I waited until I was sure the text had been delivered, and then I scrolled through my contacts and found another number, one that I’d looked at every day for the past few weeks but never dialled. And I sent another text.
CHAPTER TWENTY-THREE
I sat in that bathroom for the longest time. I sat on the edge of the bath until my arse went numb, and then I moved and sat on the closed lid of the loo. I looked at the steaming water in the tub and considered getting in, and then I thought of Richard downstairs and myself, naked in the water, and thought better of it.
Hannah texted me to let me know she’d spoken to her solicitor, and that as Richard had broken the occupation order the court had imposed, the police would be sending an officer round just as soon as someone was available, but as long as I wasn’t in any immediate danger it might take a little while. I texted her back and told her that was fine, I was safe, she mustn’t worry. Then I went and sat on the edge of the bath again for a bit.

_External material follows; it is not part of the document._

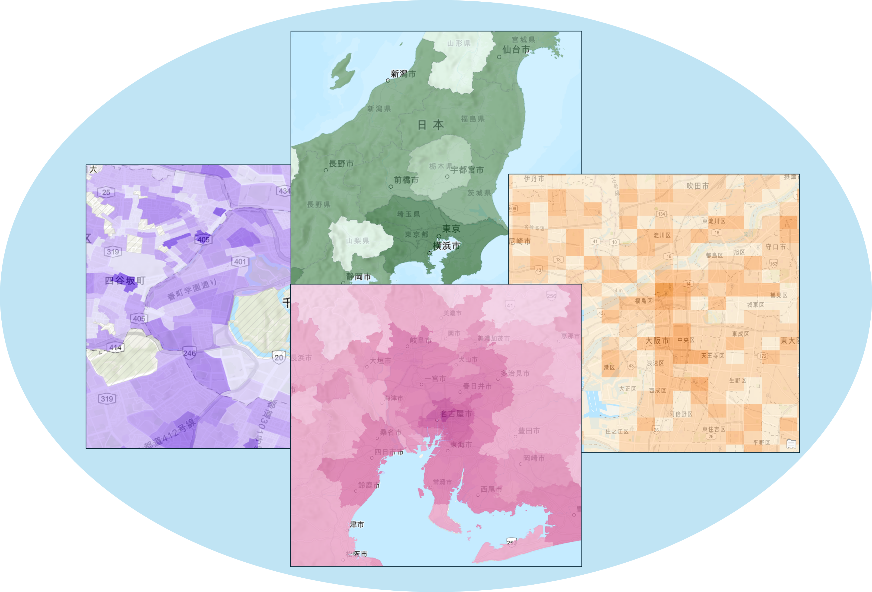 総務省統計局の統計調査に基づいた統計データを収録したデータベースです。境界データとともに提供しているため、統計表と町丁・字等ポリゴンの接合や、シンボル・表示縮尺の設定などの面倒な作業は不要で、地域分析やマーケティング戦略などの多彩な用途にすぐにご活用いただけます。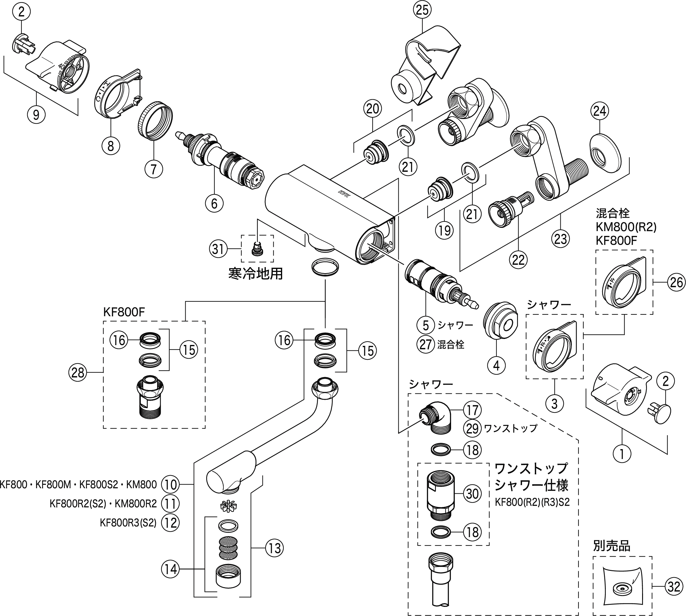 | 5 | PZ695A | 切换阀单元(KF:淋浴) |

I texted Amy to tell her what was happening, and she eventually replied saying that she and Kian were at a parkour workshop in Milton Keynes, but she’d come straight back if I needed her, so of course I said there was no need at all, everything would be fine. Alethea Ayoola texted me back accepting my apology and saying she could meet up the following week. Sloane emailed me a draft schedule for my u
pcoming 25 Days of Vlogmas series of videos, and I told her I was a bit tied up but would look at it as soon as I could.
Then I moved back to the loo. There was no reply to the other text I’d sent. I read it over and over again, wondering if I’d been too casual, too dramatic, too needy – too something. But there was no way of knowing. I tried to look out through the window to see if Richard was in the garden or if the neighbours were home and had noticed the broken door, but all I could see through the frosted glass was a grey and brown blur of sky, roofs and trees. I stood by the door, pressing my ear against the wood, but I couldn’t hear anything at all. I hadn’t heard the front door opening or closing, so I had to assume that Richard was still in the house, and for the moment I was trapped, albeit voluntarily.

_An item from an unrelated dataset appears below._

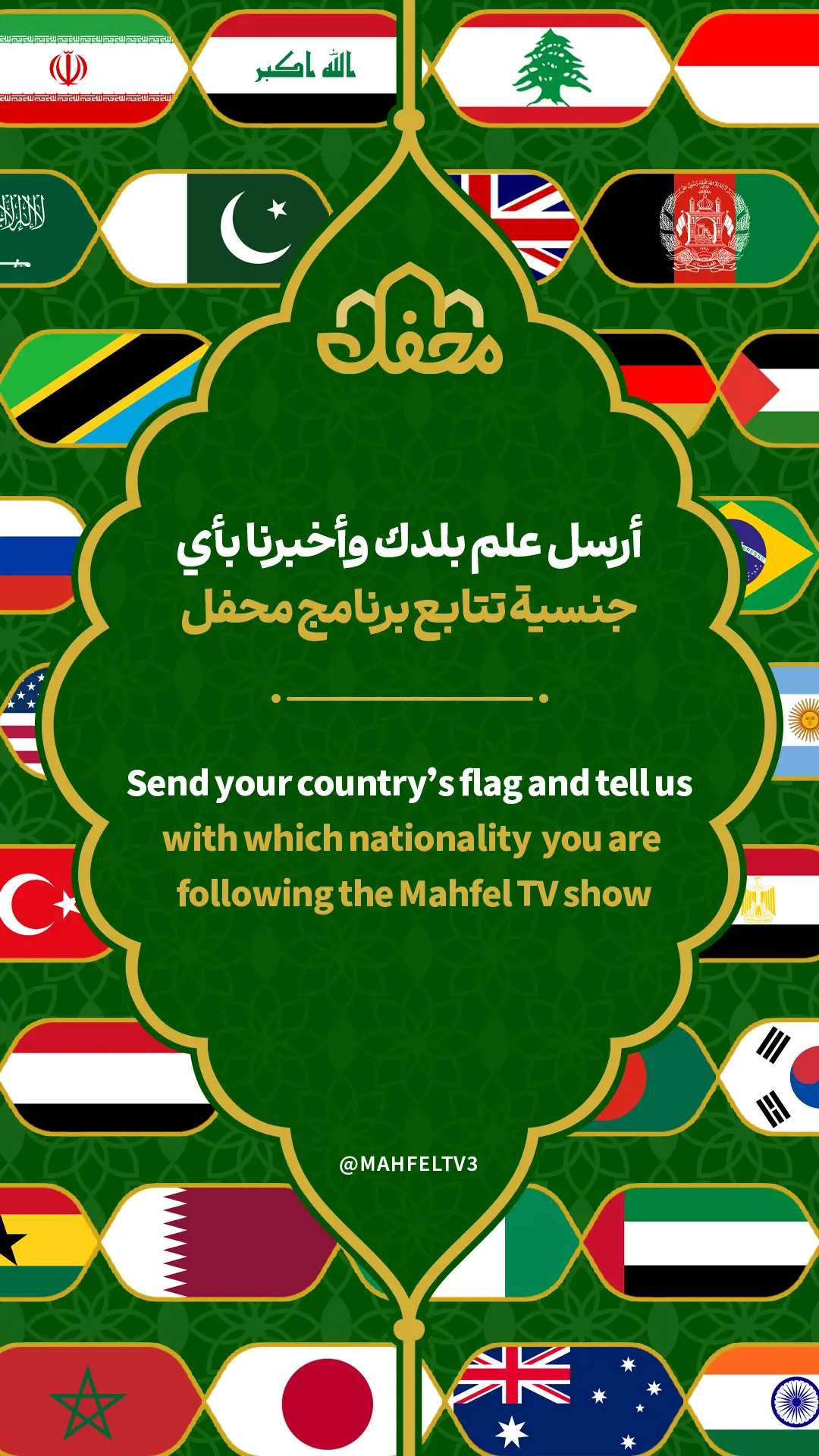 "أرسلوا علم بلدكم في التعليقات حتى نعرف من أي بلد تتابعوننا." "Send your country’s flag in the comments so we know which country you are following us from."

I wondered briefly how long I was likely to have to stay here for, and what I’d do. I’d stopped feeling hungry, at least, and of course I could drink water from the tap. But what if I got stuck here overnight? What if the police – overstretched as they were – only managed to send someone out tomorrow morning? Where would I sleep? How would I get ready for work in the morning and – more importantly – how would I get there? I imagined creeping downstairs and making a run for it, hoping that Richard was asleep or making tea or something. Don’t be ridiculous, Gemma, I told myself – of course they’ll come, or Richard will give up and leave – there’s no way you’ll still be stuck here tomorrow.
Then I did hear something. The neighbour’s dog – Hannah had told me once that it was a cockadoodle and they’d paid a fortune for it from a breeder – broke into hysterical barking. I went to the window again, but I could see even less now, because it was getting dark. I undid the latch and pushed the window open, and peered cautiously out. A blast of cold air hit my face, and I realised it had started to rain. The dog was still barking – I could hear it quite clearly, but I couldn’t see it. The neighbour’s lights were off – they must still be at work and the dog shut inside. I knew how it felt: I was quite tempted to bark myself, or howl, or something.